The examples of structures considered here are structure of ammonia and its inversion, D / L configurations of molecules, C60 with an included atom, a micelle and a protein.
The structure of ammonia
Ammonia has a pyramidal structure with nitrogen at its apex and the three hydrogens at the base. The HNH angle is 107.3º close to the tetrahedral angle of 109º 28'. The lone pair of electrons is situated above the N atom and away from the H–atoms. An interesting feature of this structure is that the N atom can go back and forth through the triangle formed by the three hydrogens to the other side of the triangle. This is referred to as umbrella inversion or “tunneling”. The action of the ammonia maser is based on this phenomenon.
Figure 1.1 Ammonia
D and L Glyceraldehydes
A carbon atom bonded to four distinct groups is referred to as an asymmetric or a chiral carbon atom. One simple example of a molecule containing an asymmetric carbon atom is d glyceraldehyde, shown in Fig 1.2. The mirror image of D glyceraldehyde, L glyceraldehyde is also shown. In the figure, H and OH groups are above the plane of paper and the CHO and CH2OH groups are below the plane of the paper. By rotating D glyceraldehyde with respect to any axis, it cannot be converted to L glyceraldehyde. (Try this using molecular models). This is similar to a person having a mole on his left cheek. In the mirror, the mole appears on his right cheek.
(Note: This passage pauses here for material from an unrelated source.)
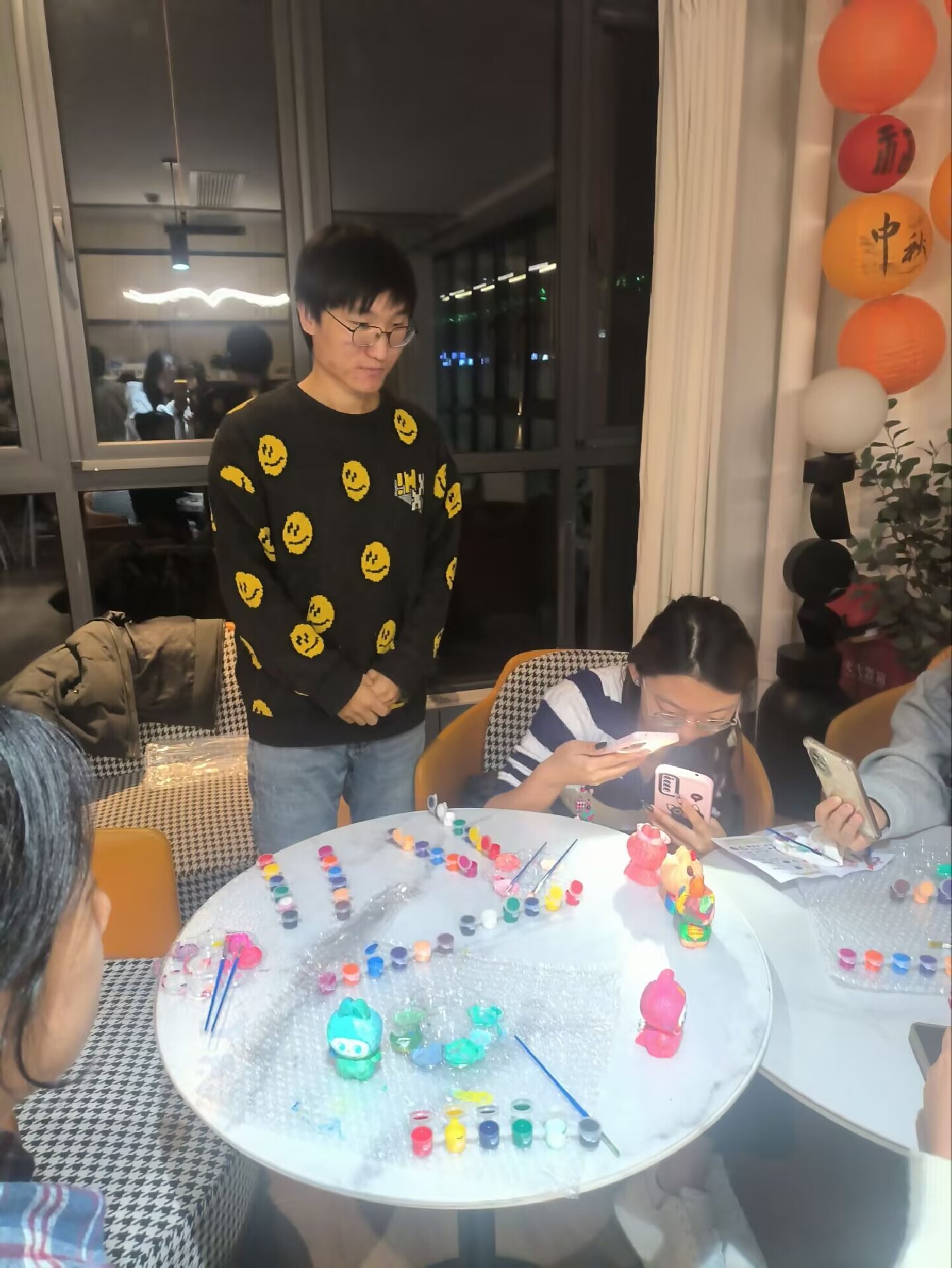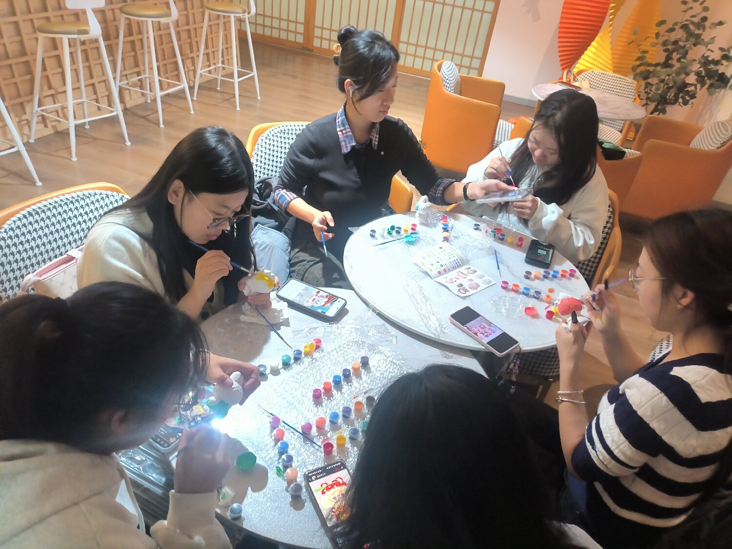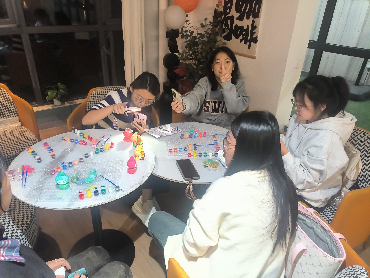 10月16日晚上,马克思主义学院教师、信息工程学院全生异科导师侯佳伟在毣谷书院半杯故事馆主持开展了一场别开生面的“色彩绘初心,美育润赤忱”拉布布石膏创意手工涂鸦活动。六名来自数据专业的学生齐聚一堂,在艺术创作中感受红色精神的时代脉动,在色彩勾勒中体验美育的独特魅力,实现了革命传统教育与审美素养培养的有机融合。

If one rotates the person by 180º, the mole still remains on the left cheek and the rotated person differs from the mirror image.
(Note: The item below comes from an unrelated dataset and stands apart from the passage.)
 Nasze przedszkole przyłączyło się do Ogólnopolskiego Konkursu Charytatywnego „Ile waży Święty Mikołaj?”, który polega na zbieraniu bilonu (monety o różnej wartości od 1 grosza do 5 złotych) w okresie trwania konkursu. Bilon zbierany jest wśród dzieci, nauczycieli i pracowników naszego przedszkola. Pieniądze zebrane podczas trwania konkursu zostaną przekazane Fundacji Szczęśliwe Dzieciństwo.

If you look at the carbon center, with the hydrogen atom further away form it, the groups CHO, CH2OH and OH which are nearer to the eye than the H atom, are arranged clockwise. In the L configuration, they are arranged counterclockwise. These asymmetric molecules rotates the plane of polarization of a plane polarized light. The configuration of molecules are critical, e.g. a molecule can act as a drug only in one of the two configurations (not the always). Naturally occurring amino acids have L configurations.
Figure 1.2 D and L Glyceraldehydes. The left part of the figure has a mirror plane separating D and L glyceraldehydes. The right part shows the rotation of the molecule with respect to the C-H bond when the bond is directed away from the eye.